И теперь эту книгу нашей земли, книгу наших судеб читало небо. Читали иные миры, все близлежащие планеты из своих прицельных наблюдательных щелей-звезд. То была, наверно, самая печальная и самая грозная из всех книг Вселенной, потому что на ней ничего не было написано — ни закорючки, ни строчки, ни буковки. Мы сошли в небытие подло, угрюмо, молча.
Угрюмо, хотя и не без веры во спасение, воскресение своих соток покинули избы наши отцы. Мы же, их дети и наследники, распрощались с родительскими хатами с радостью и весельем:
— Ура! Нас выселили с хат.
Вольница, воля и свобода ждали нас. И мировая революция нас ждала, коммунизм — светлое будущее человечества. Все это мы обсуждали вблизи от своих покинутых хат, под дубом возле копанки при свете луны. Но Пасаран, Юрочка Протуберанец, Володька Цыган и я.
Правда, сразу на мировую революцию я был не согласен. Забот много. Впереди зима, а ботинок нет, те, что носил до этого, просят каши. И дров на зиму не успели назапасить. И глицы — иголок хвойных на призбу еще не наносил из лесу. Это из основного, но и по мелочам набегало. Каждый день, например, выгонять из хлева и пасти корову. Революция, правда, от большинства забот избавляла. Не до коровы и глицы будет.
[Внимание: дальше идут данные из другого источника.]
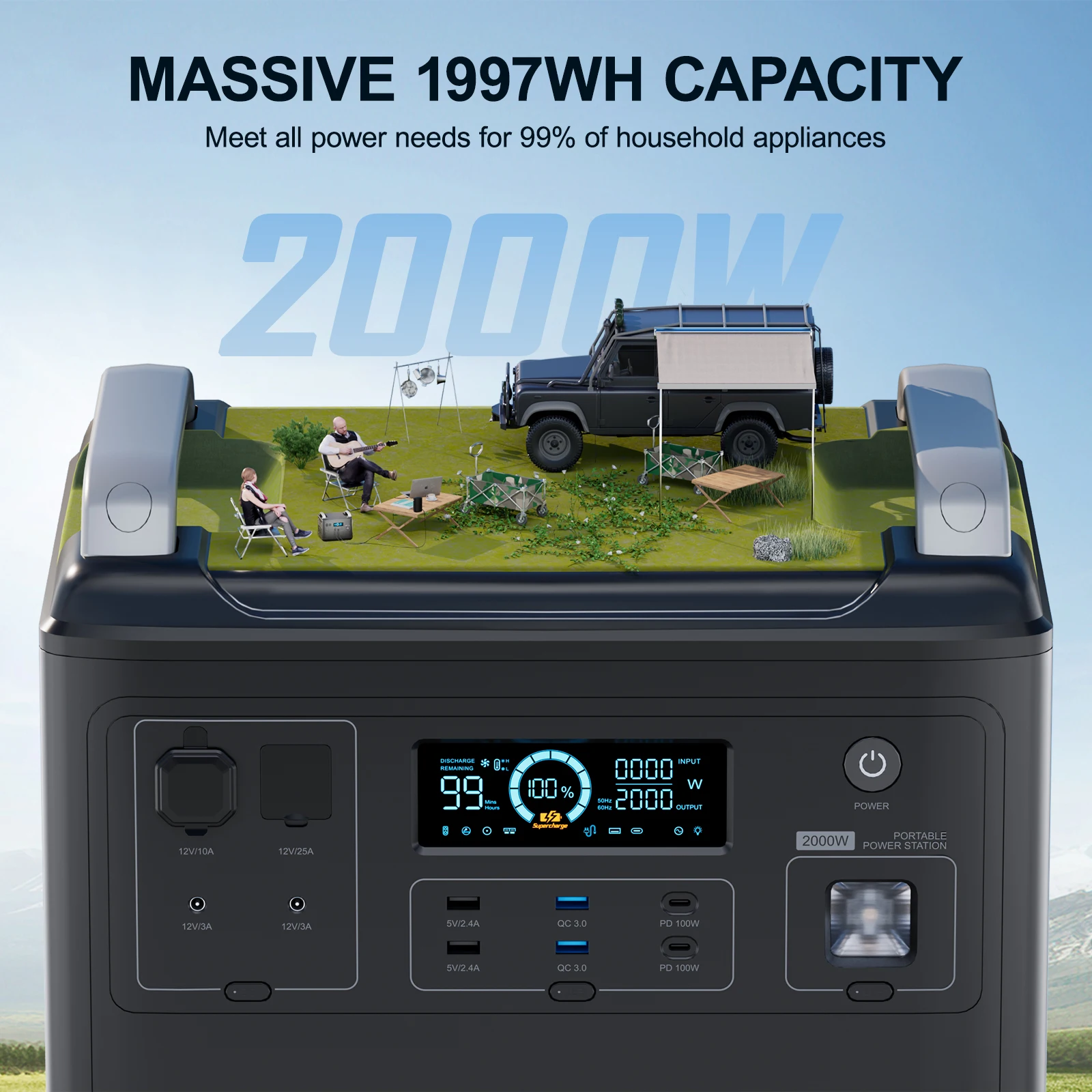 【2000W HIGH POWER FOR ANYTHING】High-power 2000W(peak 4000W) VDL LiFePO4 backup energy station will allow you to power any home appliances, kitchen appliances, electronics, tools, outdoor products in any situation.Besides, the VDL HS2000 power station has a large capacity of 19970Wh, power can last 2 days trip!

Отцовскую пилотку на голову, ремнем отцовским подпоясаться, наган к нему прицепить, шашку в руки и над головой и во все горло: даешь! Что даешь, вопросов нет. У матросов нет вопросов. Хлеба, конечно, от пуза, ну и... всего прочего. Те же ботинки. Хотя, если начать с Африки, можно обойтись и без ботинок.
Только перед тем, как за мировую революцию приняться, надо районную, в городе революцию сотворить. Хорошо надо пошуровать у себя дома. Шнобелю первому рубильник отвернуть и к тендеру приладить на посмешище всему пролетариату. И с хеврой его так же: кто не с нами — тот против нас. Я не переношу тех, кто против нас, хотя пока еще только пионер. Но скоро буду комсомольцем.
И вот перед тем, как вступить в комсомол, я мечтаю о подвиге. Хочу поймать шпиона. А шпионов всяких вокруг нас великое множество, как тараканов-прусаков. Одного такого таракана-прусака в очках я знаю лично. Да, тот самый, с заготовительного ларька жук в колорадских штанах. Это я не просто из своей головы выдумываю или от обиды, что он не принял у меня крылышки и лапки колорадского жука. Тут у меня подход очень даже научный. Я по газетам с увеличительным стеклом всех этих шпионов изучал: нос отдельно, губы, рот — отдельно. Город наводнен шпионами. Я предчувствую, что их скоро начнут отлавливать. У меня предвидение и интуиция.